Los medios que usan unos y otros están vilmente manipulados
en la superficial demagogia que impera como medio en la política
general; pero especialmente el problema nacionalista parece grave
por la brutal utilización de estos medios. Me estoy refiriendo
a la manipulación de la historia, de la educación,
la exaltación de los sentimientos de todo tipo, irracionales
si hace falta por el buen objetivo final, la independencia o el
adoctrinamiento.
Independientemente
de los conceptos de base y pilares de los nacionalismos, los cuales
no pretendo analizar en este artículo, aunque podría
encasillar en los lugares que le corresponden y en el tiempo que
merecen, los mazazos y golpes que reciben la historia y los contenidos
educativos en Euskadi, hieren a cualquiera que sienta un respeto
por la historia. Y no pretendo creer mi interpretación la
única adecuada de los hechos históricos, pero sesgar
la historia en la medida en que lo hacen los responsables de educación
del gobierno vasco, me sirve para concluir que la manipulación
es importante. Y es que cogiendo cualquier libro de historia de
una ikastola se puede apreciar lo que digo. Eliminan radicalmente
tantos datos destacables...
Me centro ahora en la exaltación de los sentimientos y en
el simbolismo que utiliza el nacionalismo para colgar sus ideas
de las mentes de los individuos mas pasionales o menos racionales.

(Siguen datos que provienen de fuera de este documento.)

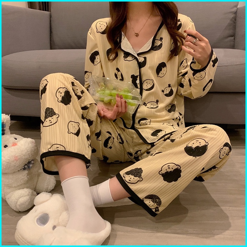 Lovera Baju Tidur Wanita Piyama Busui Kancing Depan Pp Lengan Panjang Celana Panjang
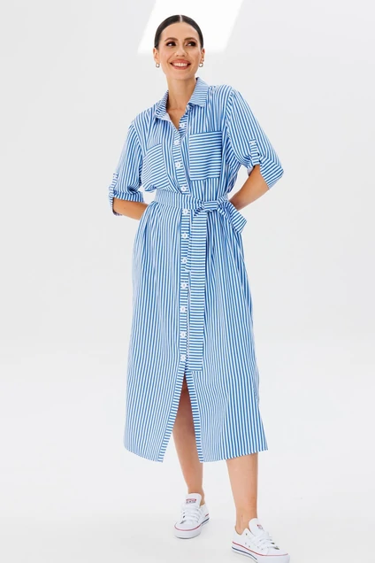 Спинка платья имеет горизонтальную кокетку высотой 14,5 см. По центру переда настрочные планки на функциональную застежку петли-пуговицы. Горловина обработана воротником рубашечного типа на стойке. Рукав втачной, одношовный, с цельнокроеной манжетой и патой, которая трансформирует длину рукава и форму рукава, делая его короче/длиннее с помощью петли-пуговицы. Длина рукава-37 см (в зависимости от размерного ряда). Длина изделия по спинке 127 см.
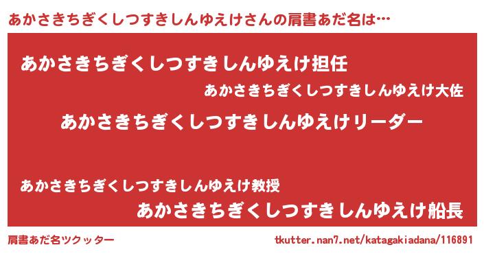 | 意味不明あだ名 | 『とにかく怪しいあかさきちぎくしつすきしんゆえけ』 |
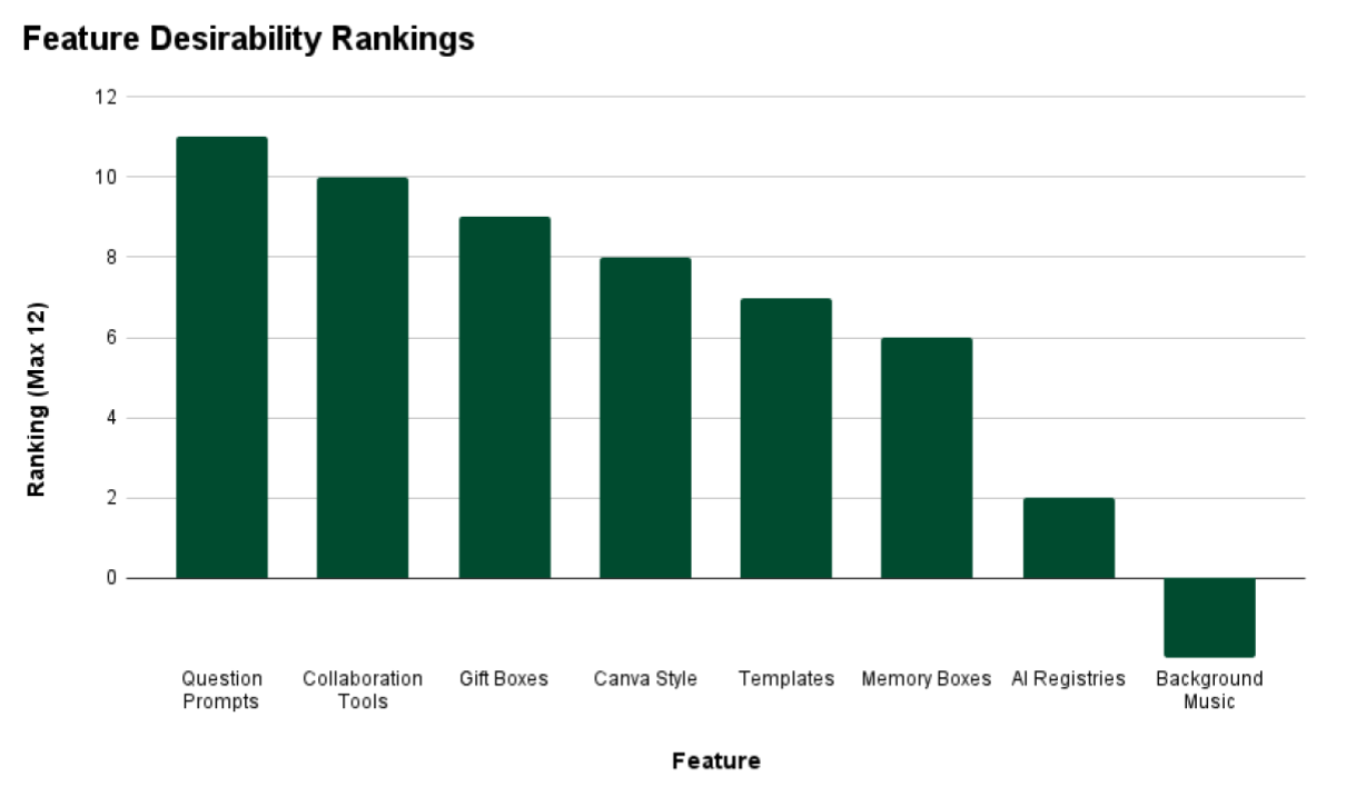 To better understand our users and their needs we conducted a remote survey. We sourced 12 participants and sent them a variety of questions ranging from more broad requests for examples of celebration experiences to more detailed opinions on the specific features we could potentially include in our prototype.
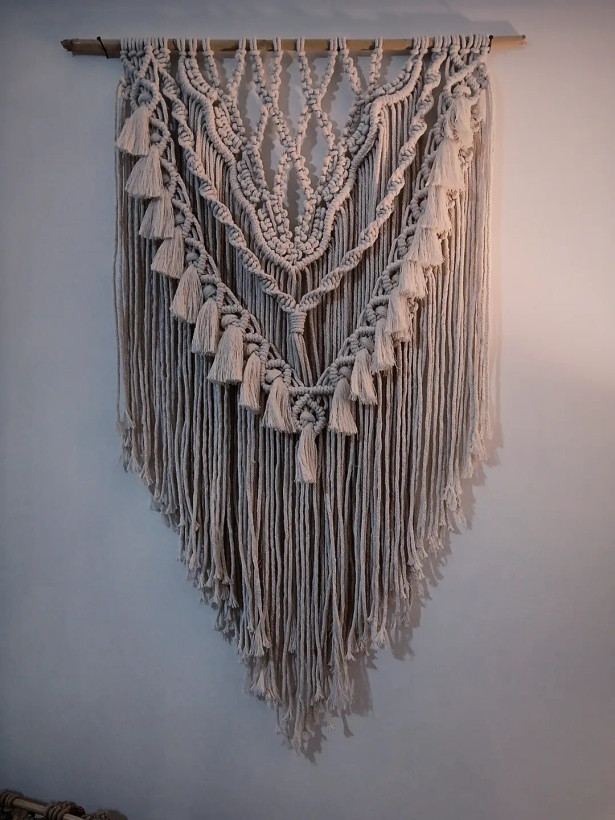 دیوارکوب مکرومه یا بوم ریس بافته شده با نخ مکرومه مناسب دیزاین خاص قابل سفارش در طرح و رنگ و سایزهای مختلف
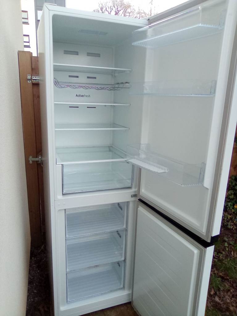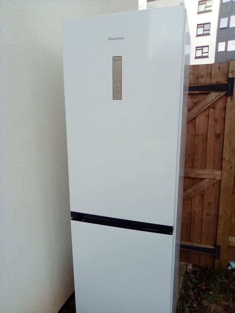 Hisense frost free large fridge freezer,76in tall & 60cm wide in perfect working order,does have a few small dinks on front,can be covered with small magnets,cost £565,18mts old,new home reason for sale,can deliver,
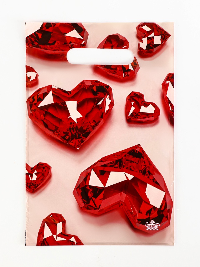 Пакет подарочный «Алые сердца», полиэтиленовый с вырубной ручкой, 20×30 см, 30 мкм
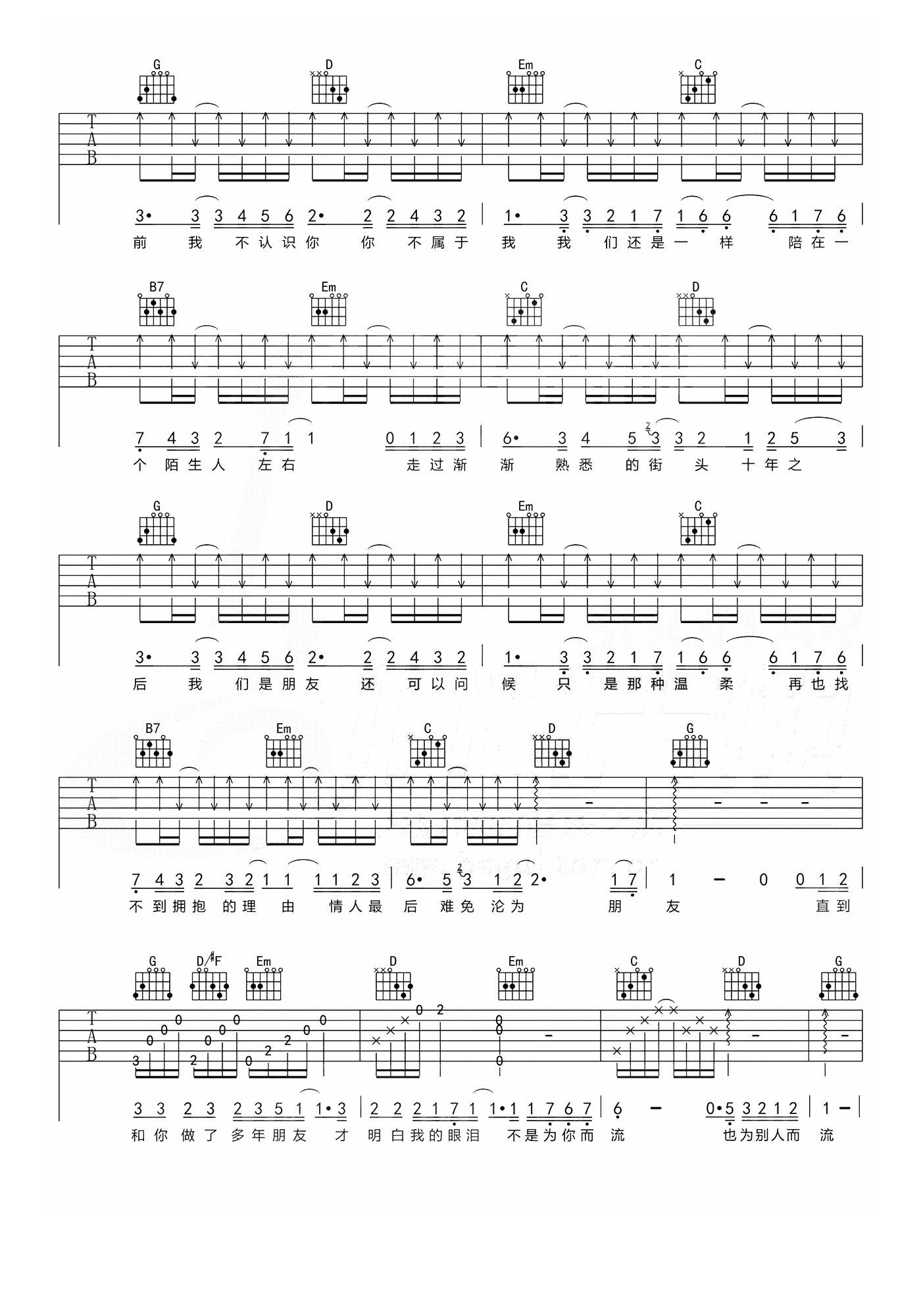 - 陈奕迅《对不起谢谢》吉他谱_吉他弹唱谱_YYZJ编配
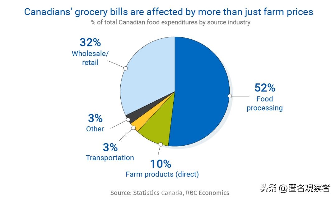 雖然看起來加拿大人在食品上的花費比以往任何時候都多,但事實是,自2021年以來,用來購買雜貨的錢的價值已經縮水——我們一直在為更少的食物支付更多的錢。圖源:加拿大統計局/RBC銀行
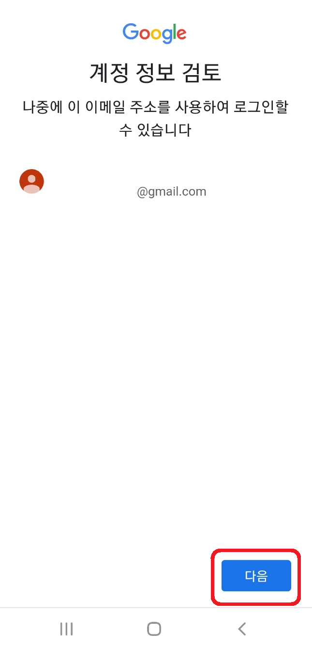 6. 계정 정보 검토 화면에 새로 만든 계정이 나타납니다. 지정한 아이디가 맞는지 확인 후 오른쪽 하단에 '다음'을 클릭합니다.
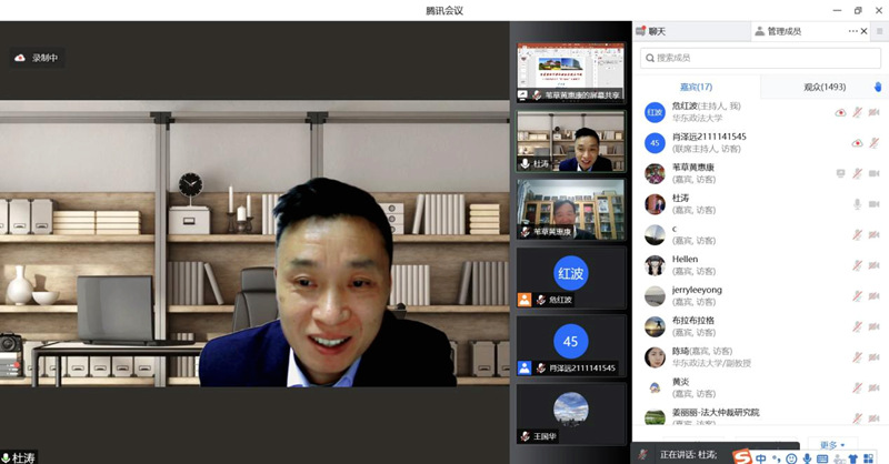 4月14日,由我校研究生院主办、国际法学院承办的“相约大咖 同心抗疫”云端讲堂系列讲座第五讲成功举办,联合国国际法委员会委员、国际常设仲裁法院仲裁员、中国外交部国际法咨委会主任委员、国家高端智库武汉大学国际法研究所特聘教授黄惠康应邀作“当前国际形势和国际法热点问题”讲座。此次讲座也是我校研究生格致大讲堂第161讲,由我校国际法学院院长杜涛教授主持。

Todo vale. El nacionalismo vasco es, más que nada, una bandera,
un color y una lengua. El nivel de independencia de la comunidad
autónoma de Euskadi es envidiable a muchos niveles y goza
de una independencia en muchos campos. No pregono que sea la situación
ideal. El problema es que las turbas necesitan el símbolo.
No serviría de nada que la autonomía de Euskadi fuera
total si la bandera del estado español siguiera ondeando
en los mástiles de Euskadi. Y es que los patriotas quieren
ver esos símbolos. Luchan por ver esos símbolos resueltos
de una vez. Esto es así por ser un nacionalismo criado en
el fanatismo. Lo que no se dan cuenta es de lo que realmente esos
símbolos representan. La relación del territorio vasco
con el resto del estado español no es algo casual, es algo
firmemente amarrado y entrelazado por la historia en muchos campos.
Tal vez los nacionalistas no se den cuenta de lo que implica una
rotura y emancipación total. ¿Pueden imaginar por
ejemplo a los equipos de fútbol vascos jugando en una liga
estatal vasca, o la separación federativa deportiva? ¿Pueden
imaginar Euskadi sin depender de los recursos energéticos
o de cualquier tipo del resto de territorios españoles? ¿Pueden
olvidarse de los convenios establecidos o de las enormes inversiones
realizadas en el territorio vasco? ¿Querrán la ruptura
de empresas e instituciones? Probablemente solo en las ocasiones
que les convengan. Nunca hablarán de retirar equipos deportivos
vascos de las competiciones españolas porque no conviene.
Es el nacionalismo de conveniencia que utiliza los símbolos
y los sentimientos conscientemente. Es el nacionalismo de conveniencia
pero que a la vez pregona el todo o nada.